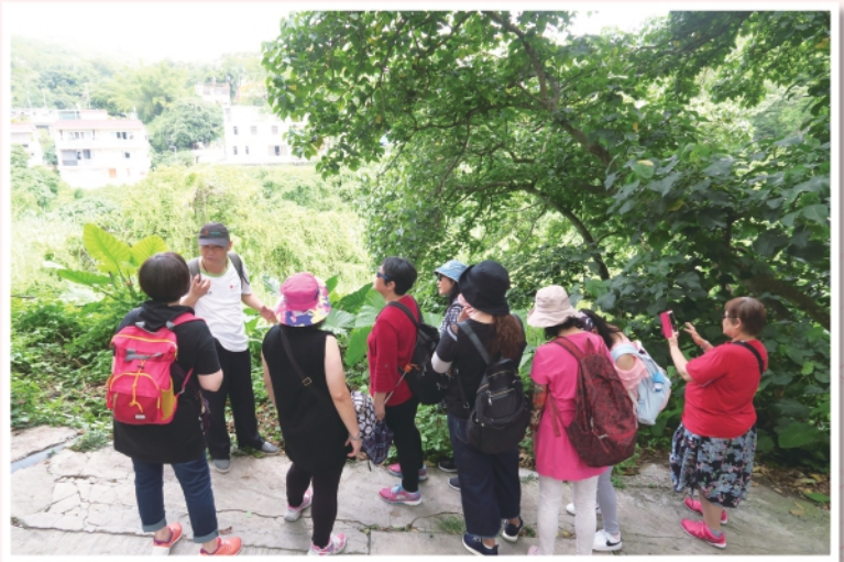
▲2019年5月14日南丫島草本尋芳導賞團

新東茶聚主要集中連繫沙田、大埔區以及北區的智慧人士家長。本年度小組繼續與香港婦女中心協會太和中心合作，假大埔區之活動場地舉行聯合活動。本年度舉行的活動包括南丫島「草本尋芳」導賞團等。
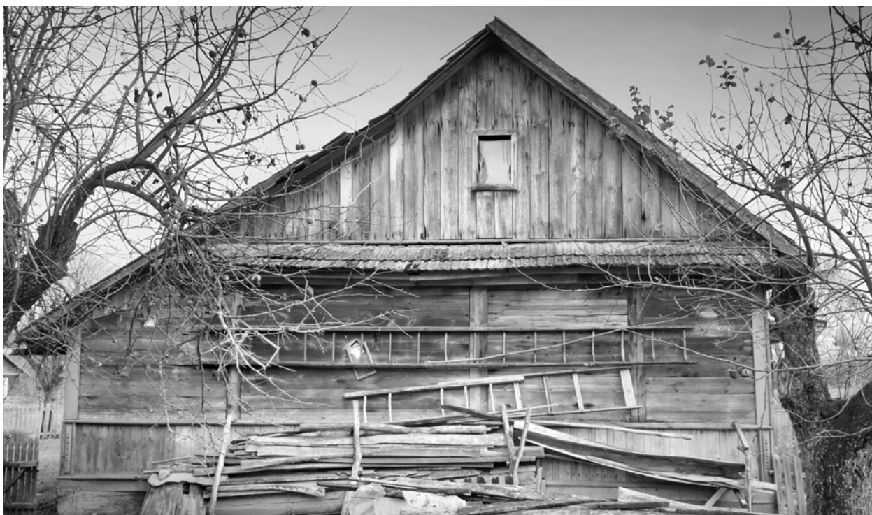
Ryc. 3. Elewacja boczna domu w Miniewiczach; fot. M. Ładny, 2018 Fig. 3. The house in Miniewiczze: gable wall; photo by M. Ładny, 2018.
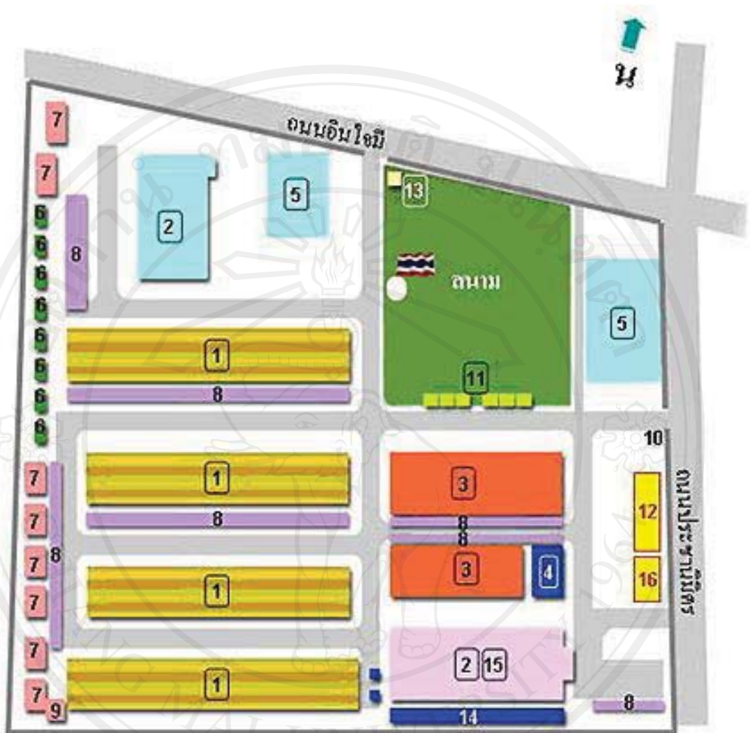
รูปที่ 1.2 แสดงอาคารสถานที่โรงเรียนอุดรดิตถ์
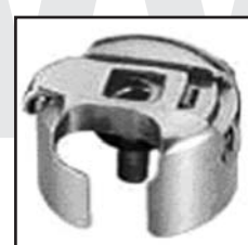
BC-DLN Стандартный размер Отверстие 10mm

Для: PFAFF . 151 GOLDEN WHEEL CS-861.862.8810.8820
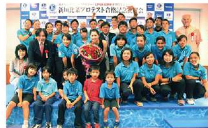
エナジックゴルフアカデミーの後輩たちも揃って祝福
┄┄┄┄┄┄┄┄┄┄┄┄┄┄┄┄┄┄┄┄
◆ Exercise instructions ◆
Restate all of the material word for word. Keep out every picture.

◆ Reply ◆
▲2019年5月14日南丫島草本尋芳導賞團

新東茶聚主要集中連繫沙田、大埔區以及北區的智慧人士家長。本年度小組繼續與香港婦女中心協會太和中心合作，假大埔區之活動場地舉行聯合活動。本年度舉行的活動包括南丫島「草本尋芳」導賞團等。
Ryc. 3. Elewacja boczna domu w Miniewiczach; fot. M. Ładny, 2018 Fig. 3. The house in Miniewiczze: gable wall; photo by M. Ładny, 2018.
รูปที่ 1.2 แสดงอาคารสถานที่โรงเรียนอุดรดิตถ์
BC-DLN Стандартный размер Отверстие 10mm

Для: PFAFF . 151 GOLDEN WHEEL CS-861.862.8810.8820
エナジックゴルフアカデミーの後輩たちも揃って祝福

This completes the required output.